Start of Dataset
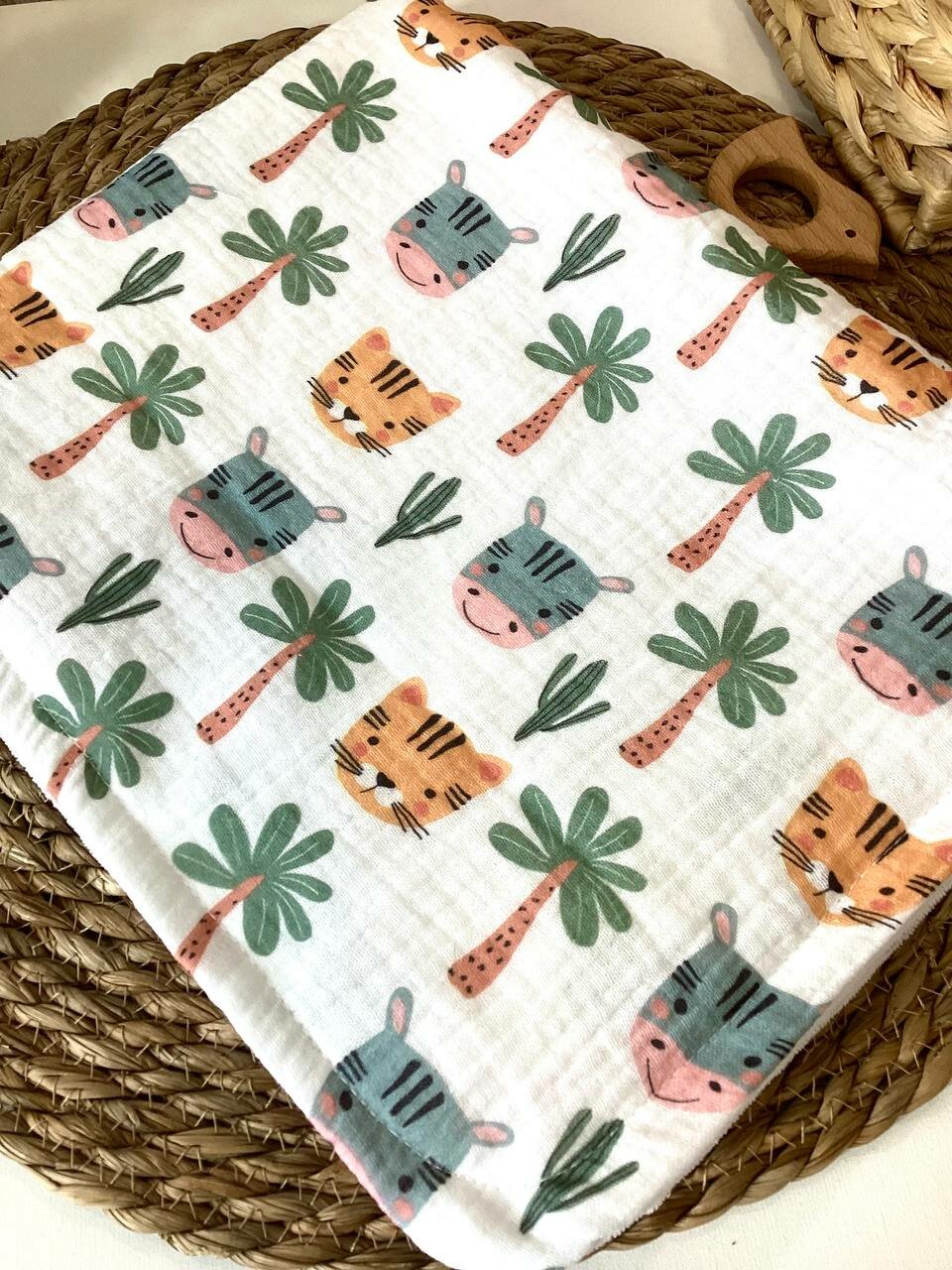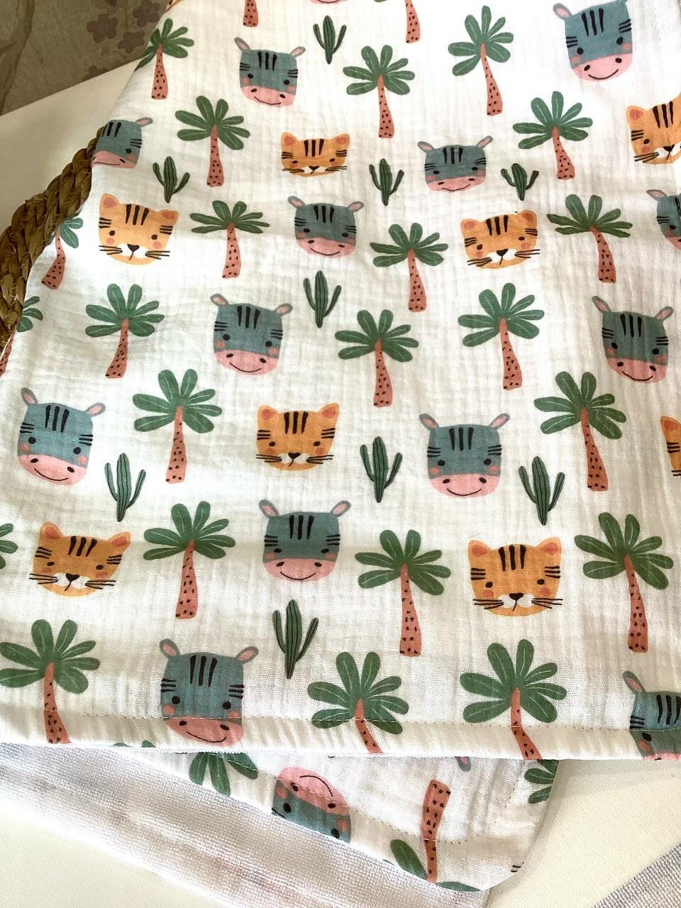 Муслиновая непромокаемая многоразовая пелёнка 60/90 см "Зверята" интересное:
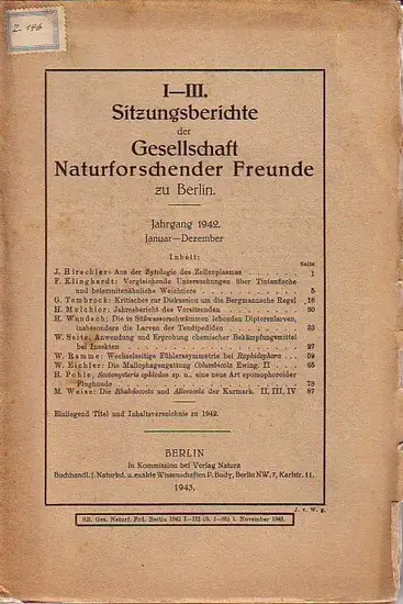 Titel: Sitzungsberichte I - III der Gesellschaft Naturforschender Freunde zu Berlin. Jahrgang 1942. Januar - Dezember. Im Inhalt Berichte von W. Eichler, J. Hirschler, F. Klinghardt, H. Melchior, H, Pohle, W. Ramme, W. Seitz, G. Tembrock, M. Weise und H. Wundsch
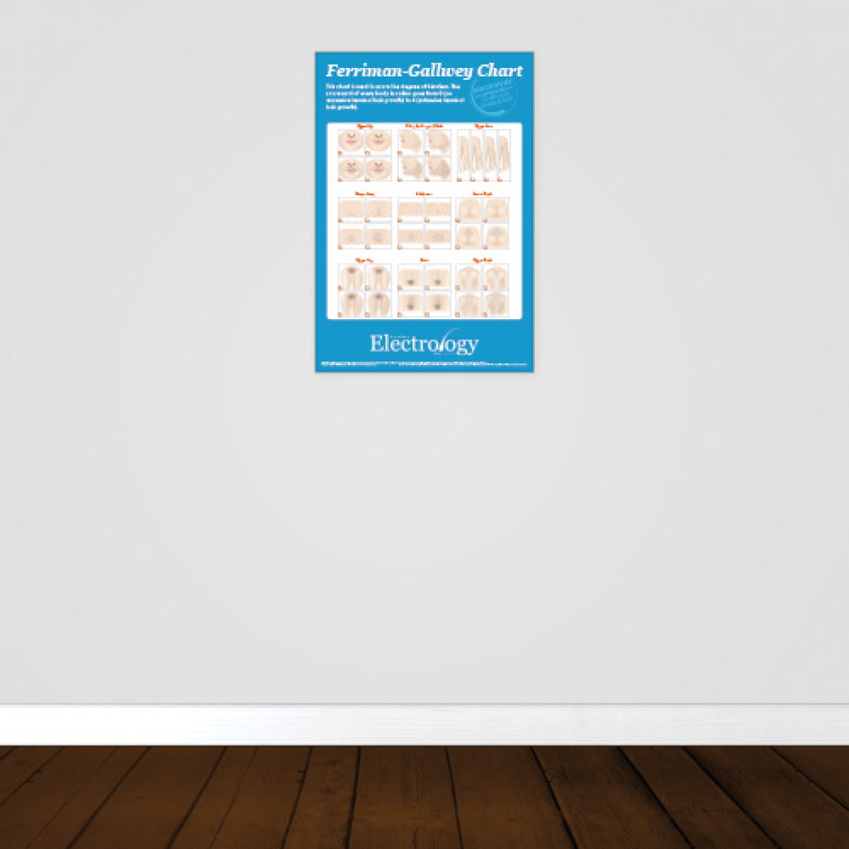 This informational poster features illustrations custom-designed for electrologists showing hair growth volume and patterns for a range of areas.
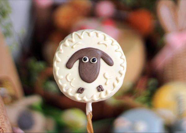Runde, herzig verzierte Kokos-Knusperkekse am Stiel kommen als süße Schäfchen zu euch nach Hause :)
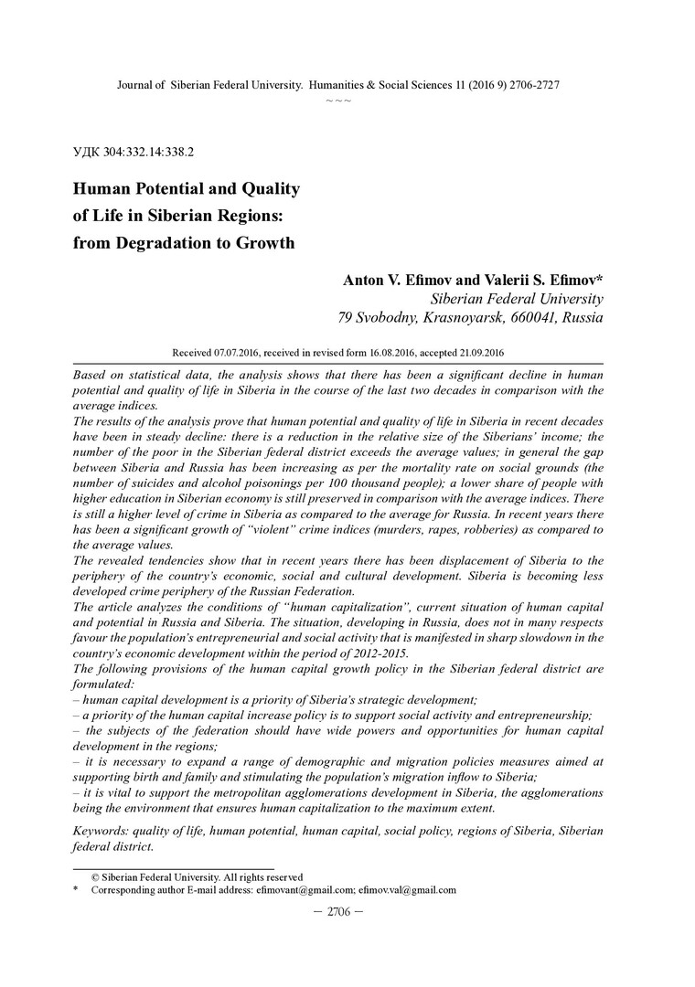 Библиографическое описание:Efimov, Anton. Human Potential and Quality of Life in Siberian Regions: from Degradation to Growth = Человеческий потенциал и качество жизни в сибирских регионах: от деградации к росту / A. V. Efimov, V. S. Efimov. - Текст : непосредственный // Журнал Сибирского федерального университета. Гуманитарные науки. - 2016. - Т. 9, № 11. - С. 2706-2727. - Библиогр.: с. 2724-2727. - ISSN 1997-1370.
End of Dataset
> **Exercise brief**
All that should be printed is the run of lines above from the one with "Titel: Sitzungsberichte I" through the one with "This informational poster", both included, exactly as given, with pictures left out.

> **Task output**
 Titel: Sitzungsberichte I - III der Gesellschaft Naturforschender Freunde zu Berlin. Jahrgang 1942. Januar - Dezember. Im Inhalt Berichte von W. Eichler, J. Hirschler, F. Klinghardt, H. Melchior, H, Pohle, W. Ramme, W. Seitz, G. Tembrock, M. Weise und H. Wundsch
 This informational poster features illustrations custom-designed for electrologists showing hair growth volume and patterns for a range of areas.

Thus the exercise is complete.